Remembering is complicated. But one thing is certain: when you try to recollect something, you enter like Jacob into the confessional with God. Whether you’re remembering a major historical episode or a minor personal experience, you are wrestling with the Truth of what took place at a certain a time, and you are by nature a deceiver.
We tend to sweeten past successes and happy moments, to preserve them intact. We tend to blame others for old failures and ongoing troubles, because we find it hard to admit we ourselves may be complicit in evil. We are disposed to play heroes, or worse, to judge ourselves to be innocent scapegoats. Since life is normally a mixture of good and evil, memories and telling the history of things are apt to be a confusing mess of slanted, untrustworthy recollections.
A drastic contemporary solution to this problem of falsifying memory is to pretend we have next to no historical baggage. A prevalent pragmatistic spirit also helps cultural leaders and followers alike to practice cultural amnesia. We put traumatic past events like the nineteenth-century slave trade, the Great Depression, the atrocities of Dachau and Auschwitz in museums for storage and occasional ceremonial visits, and we barefacedly focus all our attention and energy on solving our current problems. It’s the future that counts!
Such unawareness of how God lets the past inhere the present prompts us to make superficial, self-exonerating, jump-start judgments: Generals try to end war between long-standing ethnic animosities by making smart bombs that kill with greater precision; leading entrepreneurs mean to reduce the number of poverty-stricken workers by giving the corporate market free rein, which only promotes survival of the fittest few. That human hate is not mitigated by technology and that greed outlasts benevolence are realities worth remembering.

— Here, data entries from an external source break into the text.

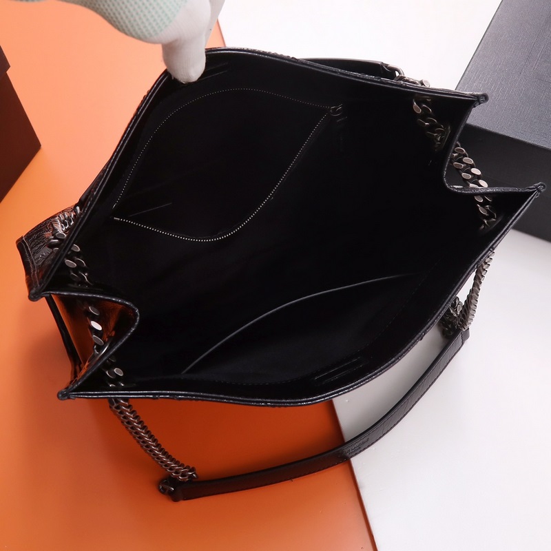 [독점적인 실제 배경] 특별한 원피스 _ 이탈리아에서 수입한 주름진 기름칠 소가죽 올 블랙 메탈 로고 정교한 장인 정신! 가방 중앙에 자석 걸쇠가 있어 사용 시 안전을 보장합니다. 내부에는 지퍼 수납공간과 휴대폰과 카드 지갑을 넣을 수 있는 개방형 슬롯 디자인이 있어 큰 가방이라 물건을 찾지 못하는 문제 없이 쉽게 꺼내서 사용할 수 있습니다. 가방은 매우 가볍고 용량이 넉넉하여 서류 가방 여행 가방 쇼핑 가방 또는 엄마 가방으로 사용할 수 있어 매우 실용적입니다! 모델: 577999 크기: 33x27x11.5cm
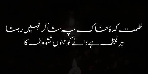 Mitti ke neeche chhupa hua ek chhoti sa beej andhere mein pade rehne par iktifa nahin karta. Us ke andar har waqt ek junoon aur tarap hoti hai ke woh mitti ko phaar kar bahar nikle aur nash-o-nama pa kar ek tanawar darakht ban jaye. Woh apni halat par be-kar baithne ko sabir hona nahin samajhta.
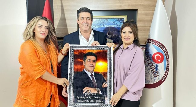 Genel Başkan Tekin Yalçın ve Kadın Kolları Başkanı Perihan Demir tarafından karşılanan Tekçe, Genel Başkan Yalçın’a, Yalçın’ın fotoğrafının bulunduğu el dokuma halı hediye etti.

Reliable remembering, in my judgment, will have a wrestled, repentant character and carry a redemptive quality and patient spirit, whether it be personal memory, the conscience of an institution, or the company of God’s adopted children.
When I remember well the good events in my lifetime, I am thankfully overwhelmed in recognizing the role others close to me played in their fruitfulness. When I remember well the evil of which I am guilty, I cringe, without excuses, shamed, confused, while pleading with my Lord somehow to overturn its bad consequences, maybe even by my remedial service.

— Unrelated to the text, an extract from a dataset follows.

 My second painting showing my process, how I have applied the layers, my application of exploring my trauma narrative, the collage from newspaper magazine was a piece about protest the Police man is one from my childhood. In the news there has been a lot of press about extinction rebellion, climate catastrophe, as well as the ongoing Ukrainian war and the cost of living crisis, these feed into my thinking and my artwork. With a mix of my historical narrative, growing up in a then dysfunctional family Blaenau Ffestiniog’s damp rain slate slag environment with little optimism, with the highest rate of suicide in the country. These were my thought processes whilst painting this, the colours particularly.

When a nation recalls its complex history, it needs to confess explicitly its nation-forming sins as well as blessings, and cast the whole project as an unfinished development to be driven further by the norm of restorative justice— there are deep wounds still needing to be healed before congratulations are passed around about accomplishments.

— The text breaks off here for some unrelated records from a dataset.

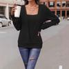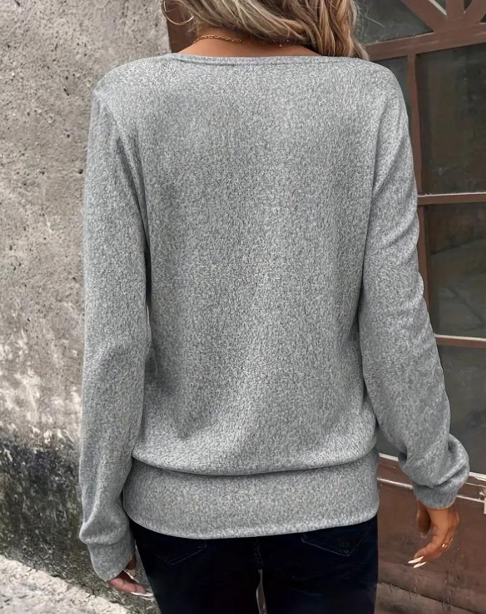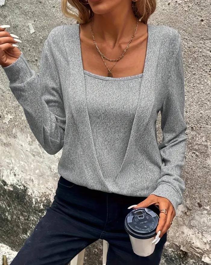 Camiseta informal holgada de manga larga con cuello en V de dos piezas para mujer, comercio exterior de otoño 2024, Amazon, transfronteriza europea y americana
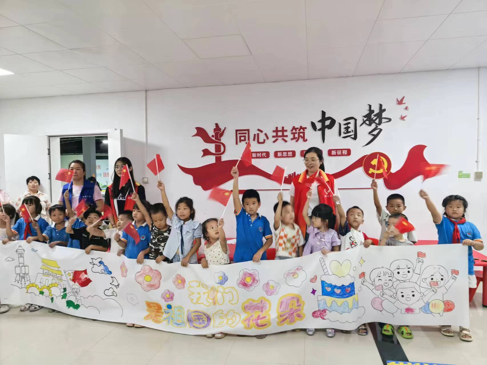 在金秋送爽、丹桂飘香的季节里,我们迎来了伟大祖国的生日。为了庆祝这一庄严而神圣的节日,车田村阳光驿站的志愿者们携手村里的留守儿童,共同举办了一场别开生面的“童心绘国庆,共筑中国梦”主题活动。
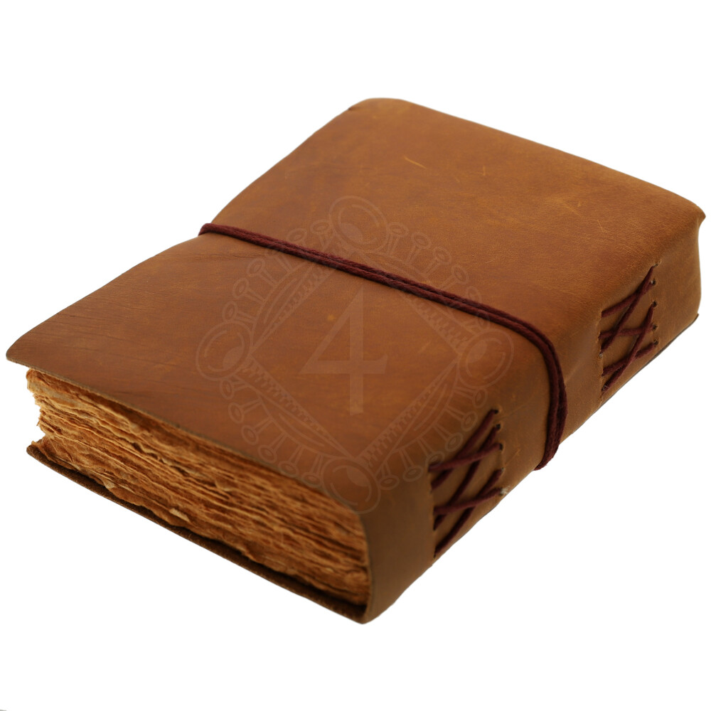 Natürliche Leinenschnur, die um das Notizbuch gewickelt ist. Die patinierte Oberfläche der Ledereinbände sowie das Papier im Inneren des Notizbuchs vermitteln einen antiken Eindruck.

When God’s people as church tell what happened before its current riven unity, remembering its Pentecostal institution, the course of faithful witness, heresies, recurrent hypocrisy, martyrdoms, crusades and reformations, enduring diaconal ministries, a holy remnant, it boggles one’s consciousness. The pockmarked history of the communion of saints past, present, and forthcoming will be redemptive if its story invigorates one’s gratefulness to be still wrestling at Jabbok. Church history is not a tale of woe or of victory, but is a story that prompts a community of persevering sinful saints to live in patient, certain expectation of the risen Christ’s return to bring a final shalom.
The hardest matters to remember redemptively, I find, are the times when you have been physically and emotionally abused or had intimate secrets betrayed by someone else. Only God has the option of forgetting what is on the historical record. We people, however, are enjoined to bathe our remembering in forgiveness, which entails, I believe, laying down your life, that is, offering up to the evildoer your “rights” to punishment. Followers of Jesus Christ—because we shall be everlasting!— are called to take hold of God and pull for the grace to mimic the Eucharist: reclaim the dread memorable past event by reenacting consciously your survival of the curse as an opening to be grateful to the God of Jacobs to serve the enemy.
All true remembering will bless you—violated person, Holocaust survivor, persecuted church—with a telltale limp.